I'm looking at the control panel to manage my customer's website and possibly also manage my FreeBSD server.

Looking around, I found the following:

 Virtualmin with Webmin
 froxlor
 ispCPOmega
 ZPanelcp
On another post I was made aware that Virtualmin/Webmin's main aim is focused on Linux environments and not so much FreeBSD and has a few issues on FreeBSD. So far looking at the online demo, I do like froxlor the best. But has any of you used any of this control panel?

ZPanel seem to have security issues. Is that right?

What are your recommendations? what about a Webmin and Zpanelcp or Ajenti with Zpanelcp  combination?

Thank you all.
Fred


----------



## chatwizrd (Aug 23, 2013)

Zpanel is junk. It does everything through `php exec`. I have never heard of froxlor. It looks interesting.


----------



## fred974 (Aug 23, 2013)

chatwizrd said:
			
		

> Zpanel is junk. It does everything through php exec. I have never heard of froxlor it looks interesting.



Thank you for the reply. Have to got a suggestion as an alternative to Zpanel? Have you looked at their latest release from July?


----------



## gkontos (Aug 23, 2013)

Although I literally hate control panels, I find Virtualmin to be the most adequate and secure of all.


----------



## ShelLuser (Aug 23, 2013)

Well, you already know my personal favourite.

There is one very important matter to keep in mind here: a control panel can never be a substitute for having a solid understanding on how the underlying parts actually work. One way or the other, you are going to need such a level of expertise.

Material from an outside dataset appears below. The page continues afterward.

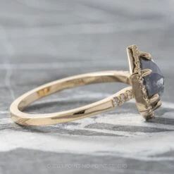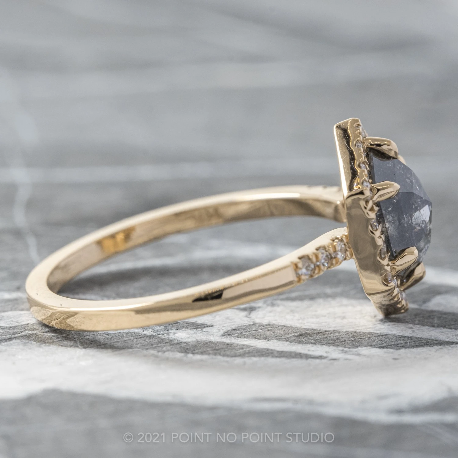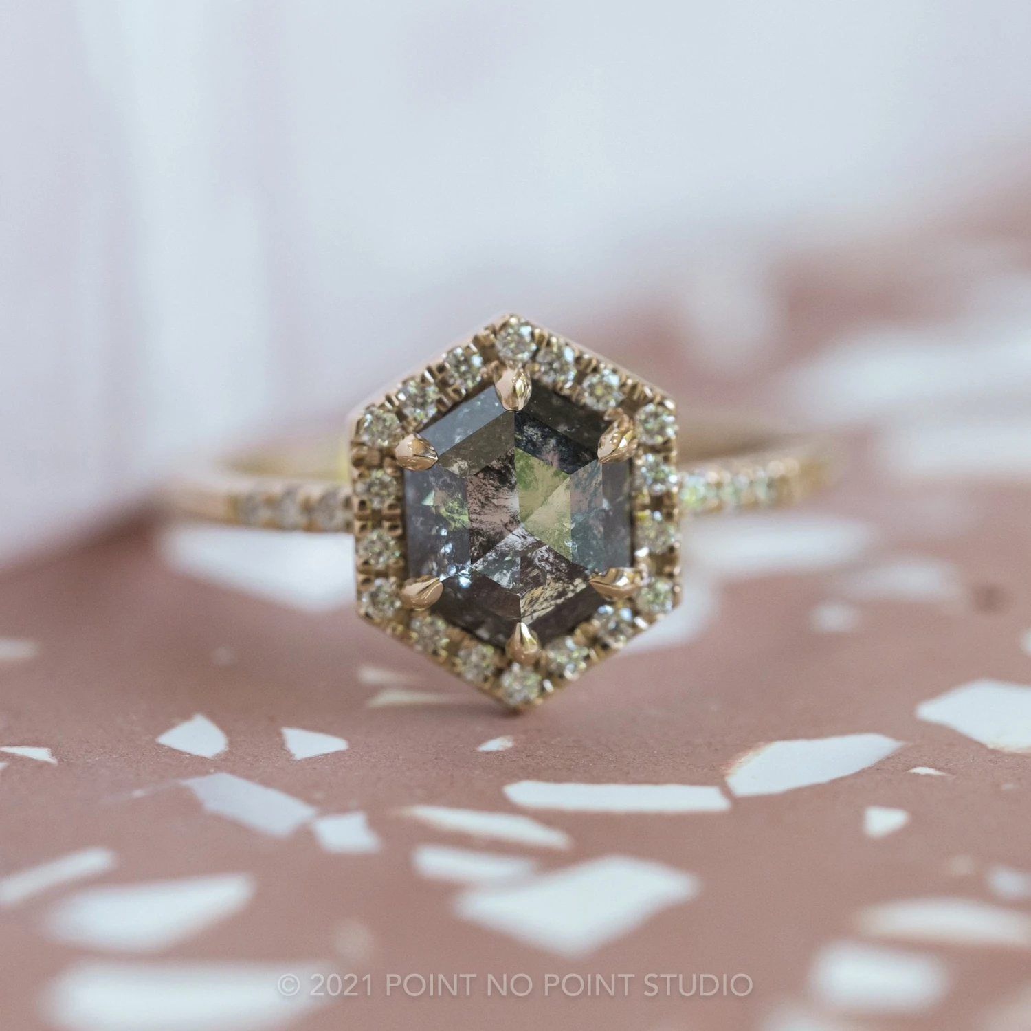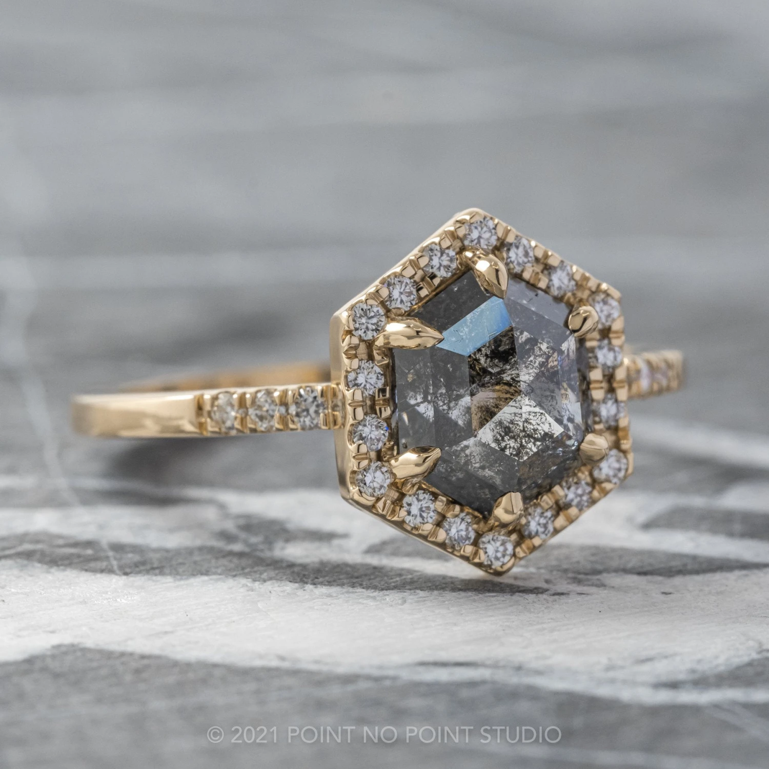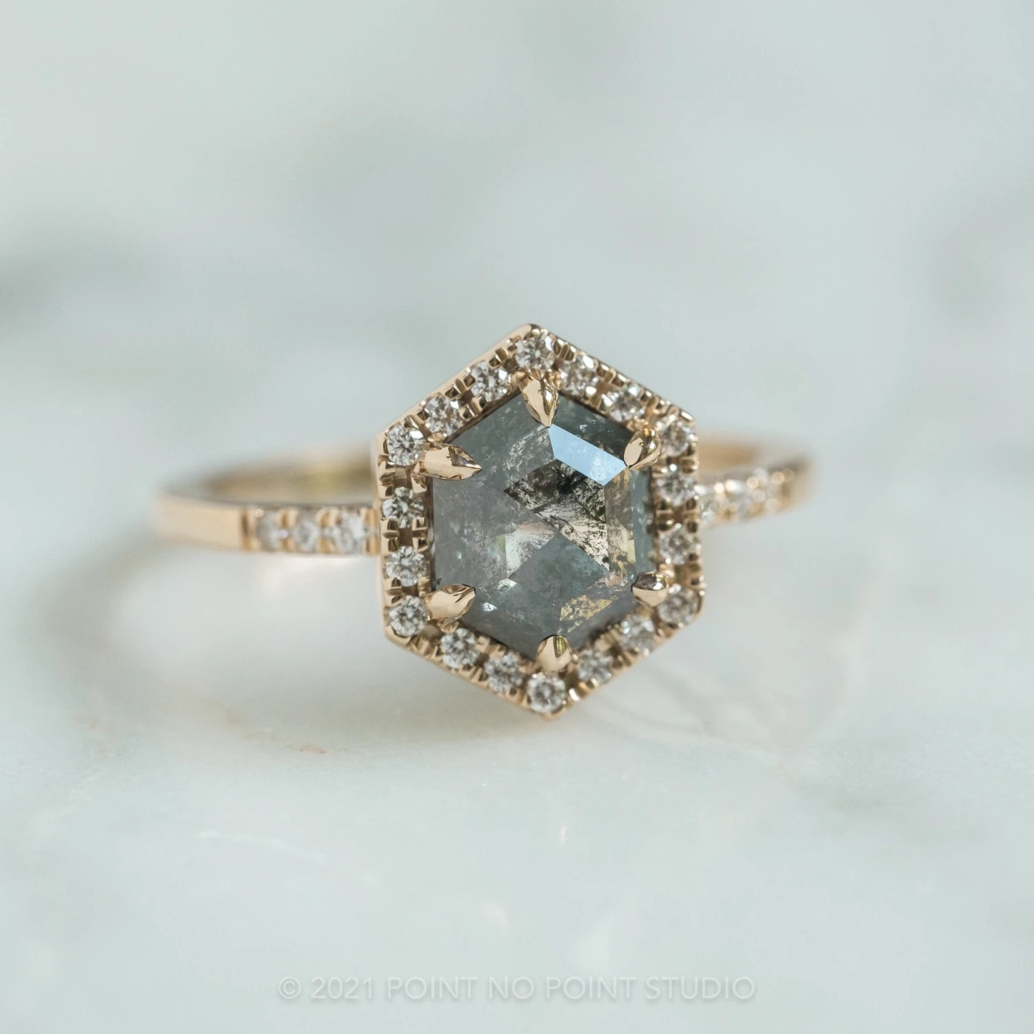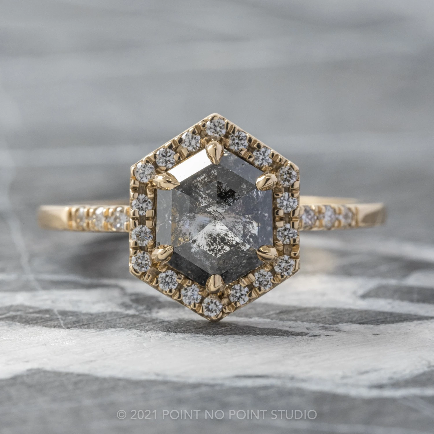 The ring features a beautiful 1.10 carat salt and pepper hexagon rose cut diamond. The diamond is a top quality natural diamond and has been set in a low profile 4-prong setting. The center diamond is surrounded by a halo of GH-SI white diamonds, along with diamonds in the ring band for that extra sparkle!

It won't make things easier, only easier to manage. The real strength of a control panel comes as soon as you're hosting several individual websites and related services (such as e-mail, optional back-end database, specific e-mail filtering settings, etc.). Because if you need to move such a website from one server to the other then it can become quite tedious to do so; you need to copy the physical data itself, the configuration of the web server as well as the mail server, you'll need to make a dump of the database as well as making sure to copy the associated credentials and that's ignoring everything else.

That's where control panels can shine. Last months I've been very busy with a full migration from Linux CentOS to FreeBSD and if it wasn't for Webmin / Virtualmin it would have taken me a _lot_ more time than it has now. Simply because I can treat a website as a single "product". And that product includes everything for that particular customer (e-mail settings, database, etc.).

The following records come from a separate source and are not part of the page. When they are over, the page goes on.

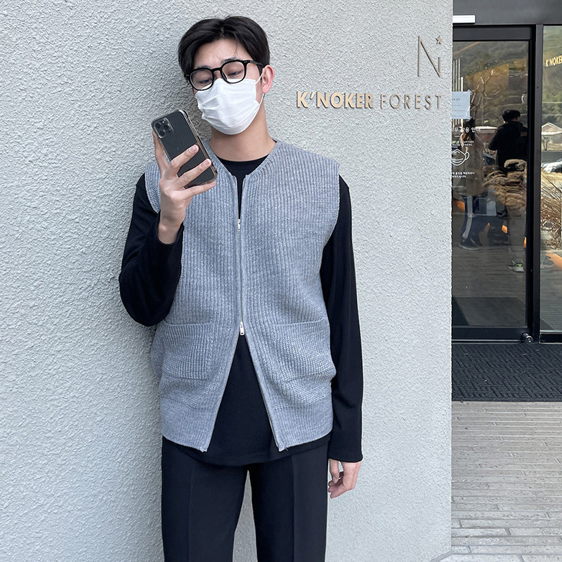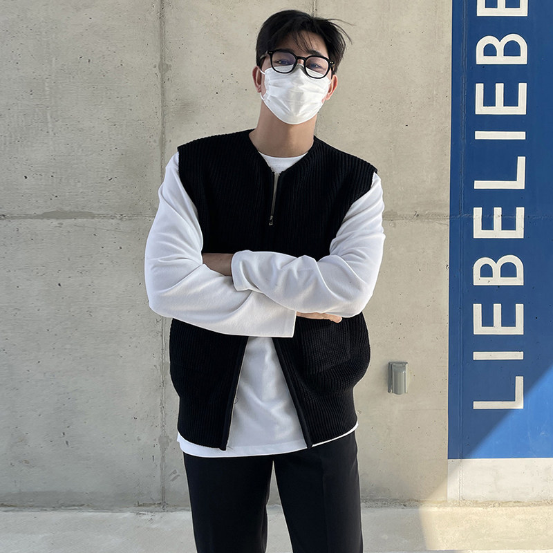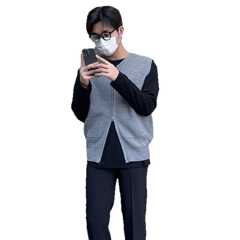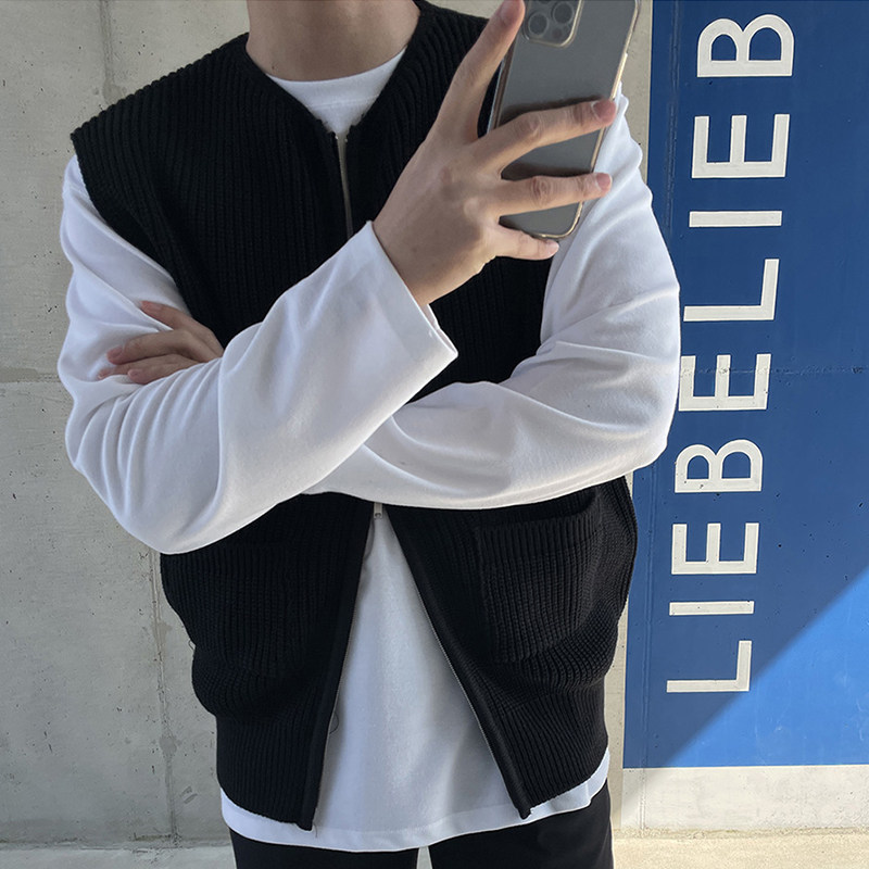 春秋无袖背心毛衣男韩版潮流坎肩马甲宽松纯色V领针织衫开衫外套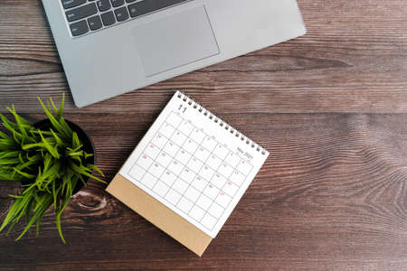 Office desk table with laptop and calendar. Top view with copy space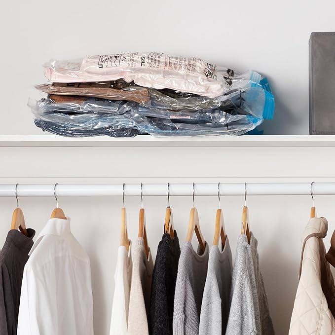 Amazon Basics Vacuum Compression Zipper Storage Bags With Hand Pump, Medium, Clear, 5-Pack, White, Sky Blue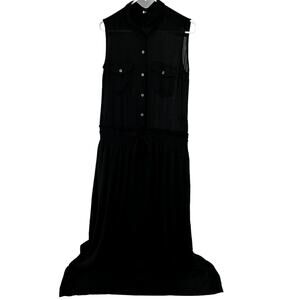 IRO Ferney Blouson Maxi Dress Chiffon Button Front Sleeveless Pocket Black 1 S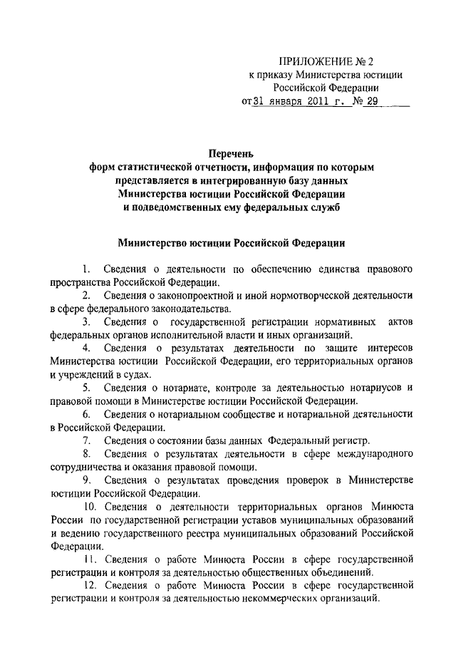 ПРИКАЗ Минюста РФ от 31.01.2011 N 29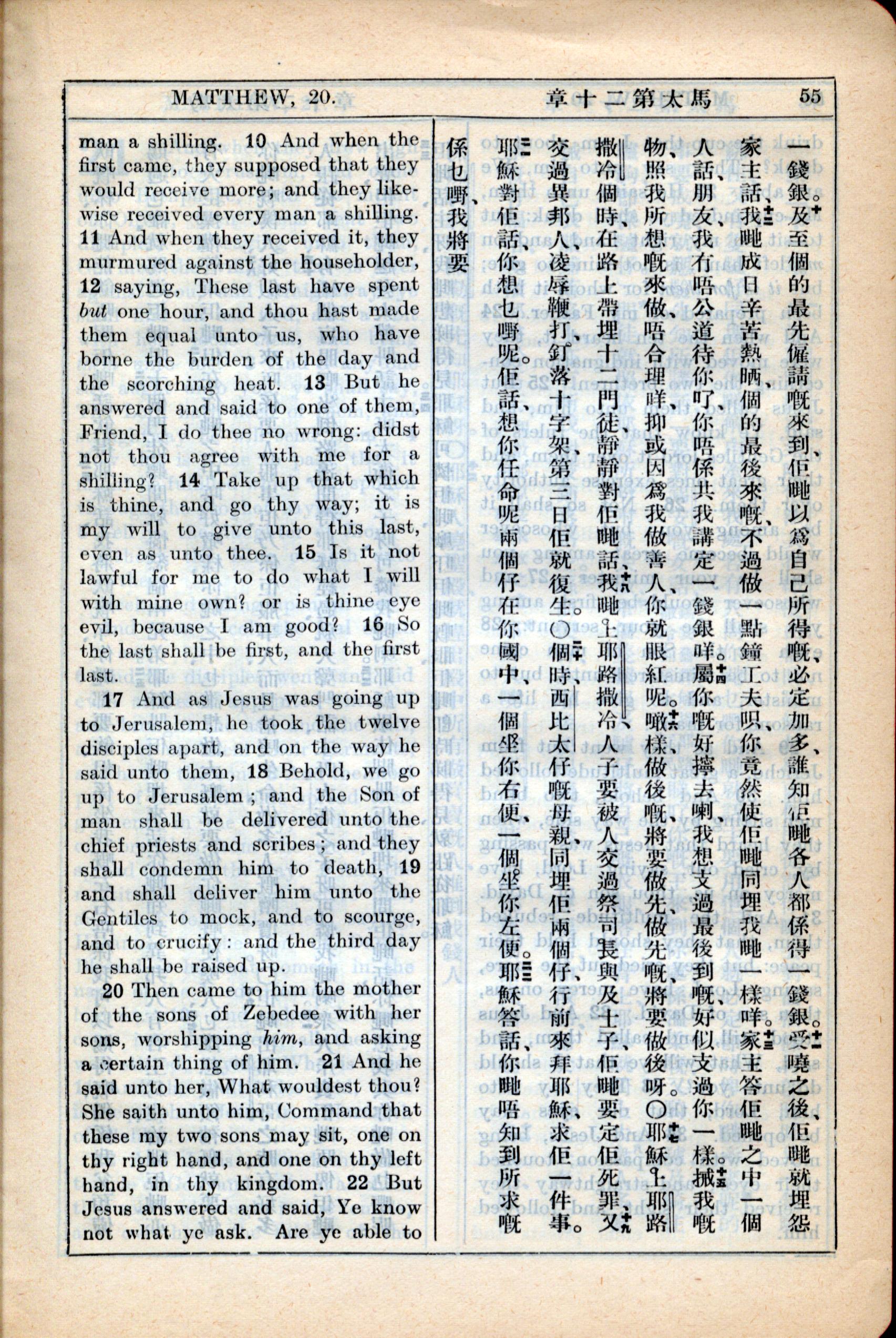 1931年新约全书广东话新译本与美国新译英文 马太福音 20 章 10 节到 20 章 22 节

But as said; you'd still need to understand why open relays are bad when dealing with a mail server, you'd still need to make sure that whatever permissions you're applying are actually safe, you might need to know how to utilize Apache's suexec routines (how and why).

Most importantly of them all, in my opinion of course, is that you should be very weary not to become too depending on such an admin panel. I've seen that happening just too many times, and it's a poor sight indeed; people knowing what options to click in a panel like Plesk or cPanel, but without having the slightest idea what it is they're actually doing.

It'll work, you will most certainly be able to get some work done. But you're horribly limiting yourself. Now your limits aren't so much the options which the software you intend to use (mail server, web server, etc.) can provide. Instead your limitations have now become that which the developers behind said admin panels actually understand about the underlying products.

And it's my experience that this level of understanding isn't always as great as it could be. In my opinion that's definitely something to keep in mind...


----------



## fred974 (Aug 26, 2013)

Thank you you very much @ShelLuser for your very wise advice. I needed that to keep me on track.

I will have to manage four websites all together. Although I now know how to create domain hosts for each domain on the web server I haven't got any experience in mail servers. I have never set one up before. Hence the use of a control panel.


----------